Вообще, ходило много толков о потребительской ценности этой величественной конструкции. Каждый утверждал, что бал был оплачен из его собственного кармана. Из всех щелей доносилось лишь “Что Шар сделал для Нас?” — вместо “Что сделали Мы для Шара?”. Но Шар глух к возгласам заблуждающихся смертных, погрязших в интроверсии обитателей локально ограниченного, центрированного на самое себя пространства.

Как был Шар и нем на протяжении миллионов лет к процессу распада бесчисленных масс организмов, в конце концов приведший к появлению нефтегаза, давшего нефтедоллар — в своем круговом движении “деньги-товар-деньги” — породившим глобализацию и необходимость стать к ней готовыми через модернизацию сознания, цель которой состоит не в том, чтобы объяснить вращение Земли вокруг Солнца, а в том, что деньги огибают Землю.
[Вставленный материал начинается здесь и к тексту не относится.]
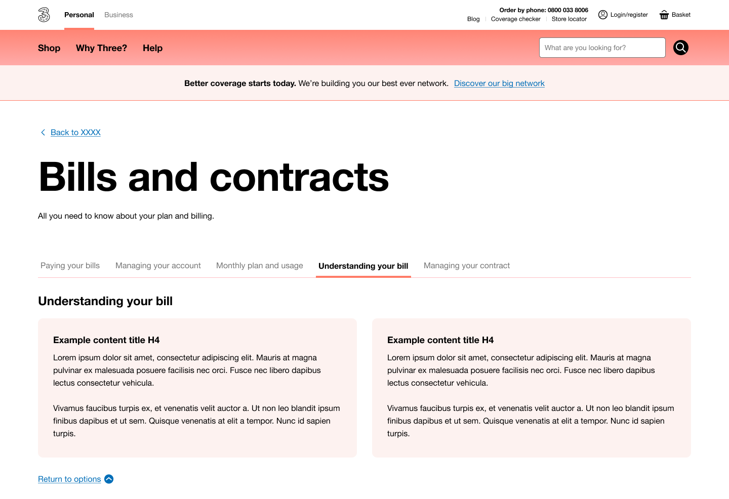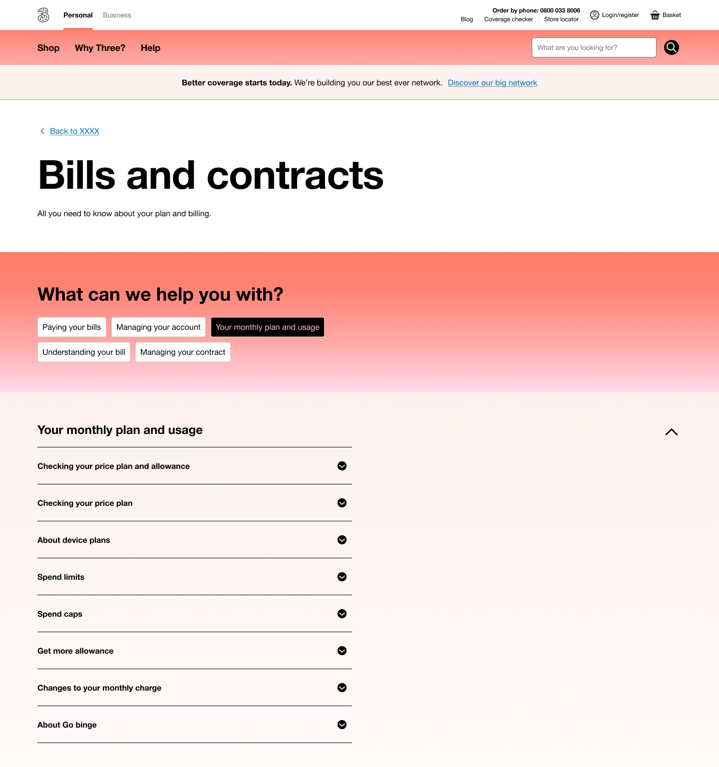 My last agile squad with Three was with the Customer Support team. Usually Support focuses on self support articles and links pegging to other relative pages. My job was to coordinate with the copy writer and organise content into a more UX visual appealing architectural design - which was one of my challenges. The other major challenge was to design on the guidelines of the company’s Digital Design System (DDS), which was used as a standard for site builders that operate on an AEM (Adobe Experience Manager) system. Anything beyond that system has to be hard coded then embeded within the DDS.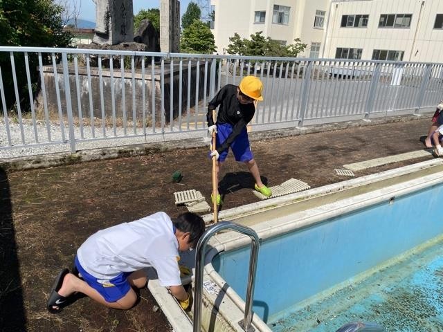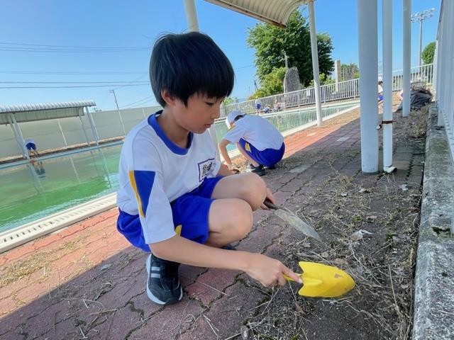 先週、プール清掃を行いました。まずは、4年生が、プールの周りの除草を担当。取りづらい草に苦戦しながらも、協力して作業を進めました。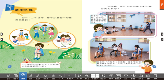 4.下方操作工具列(滑鼠、畫筆、螢光筆、橡皮擦、全刪、四格放大、局部放大、上下頁、便利貼、連結、插入文字、插入注釋、可撕貼紙...等),是學生配合學校教學進度進行數位學習不可或缺的工具。

Люди должны были это осознать, придя к Шару, и внести свою маленькую лепту в тотальную инсталляцию замены являющегося причиной всего Бога на приводящим в движение все и вся капитал.

Но что Шар получил? — низкую посещаемость.

Их пароль, скрытый или явный, видимо, гласил: “Остановите историю!”

Прибыв на место, я вышел из такси, направляясь в сторону арены, где уже начинался концерт. На тротуаре возле урны я заметил две пустые банки от пива. Подойдя поближе и приглядевшись, я стал явственно ощущать в воздухе какую-то взволнованность. Что это? Вновь спортивная арена. Вновь “балтика девятка”. Неужели время это тот же шар? Неужели время обладает формой того, что бесконечно двигаясь вперед, возвращается к самому себе? И разве всякое будущее путем своего рода гигантской петли не связано с прошлым?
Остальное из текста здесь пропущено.